# [AIM OF THE TASK]
Return only the lines of the data below from the line with "經歷了春天的新冠疫情,紐約州" up to and including the line with "Deze exclusieve collectie", exactly as written, with the pictures omitted.

# [GIVEN ENTRIES]
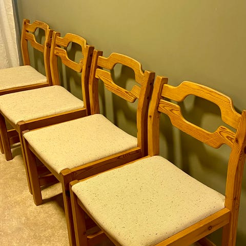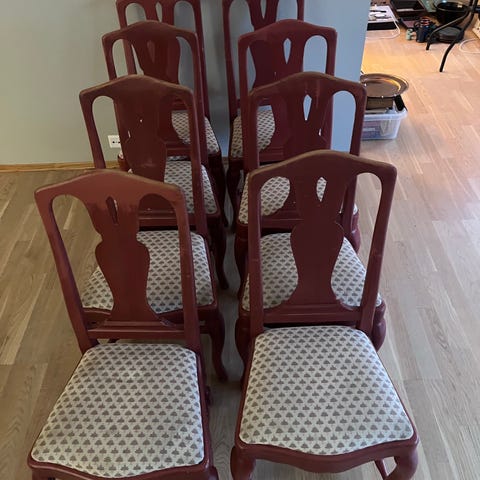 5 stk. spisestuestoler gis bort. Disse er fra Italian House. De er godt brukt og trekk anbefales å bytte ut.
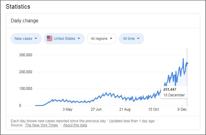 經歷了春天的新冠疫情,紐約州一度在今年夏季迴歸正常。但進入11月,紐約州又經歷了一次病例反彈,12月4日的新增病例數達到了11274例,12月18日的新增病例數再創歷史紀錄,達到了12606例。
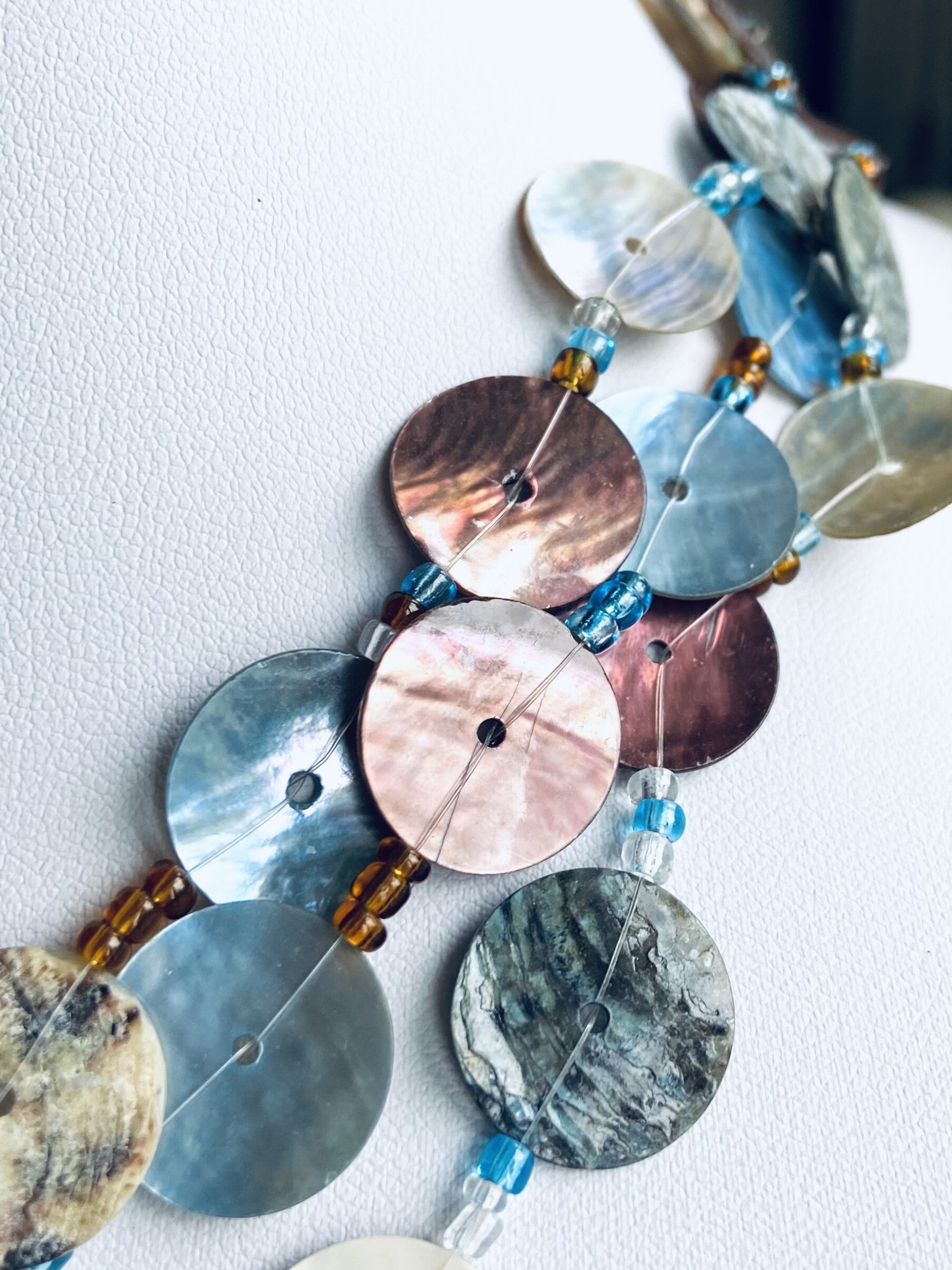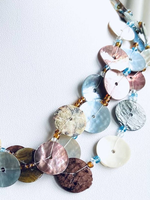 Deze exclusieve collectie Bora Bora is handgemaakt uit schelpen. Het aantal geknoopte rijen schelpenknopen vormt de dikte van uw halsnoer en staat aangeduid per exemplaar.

==

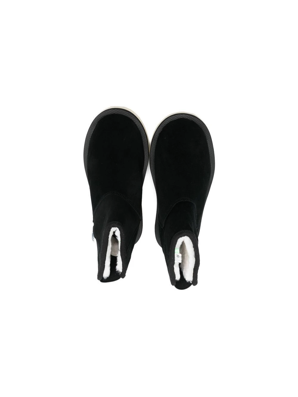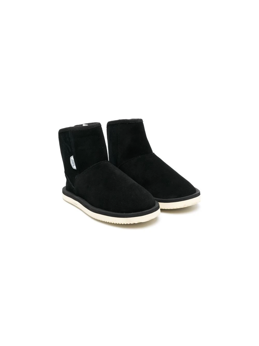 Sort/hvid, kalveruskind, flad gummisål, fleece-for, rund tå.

# [WRITTEN RESPONSE]
 經歷了春天的新冠疫情,紐約州一度在今年夏季迴歸正常。但進入11月,紐約州又經歷了一次病例反彈,12月4日的新增病例數達到了11274例,12月18日的新增病例數再創歷史紀錄,達到了12606例。
 Deze exclusieve collectie Bora Bora is handgemaakt uit schelpen. Het aantal geknoopte rijen schelpenknopen vormt de dikte van uw halsnoer en staat aangeduid per exemplaar.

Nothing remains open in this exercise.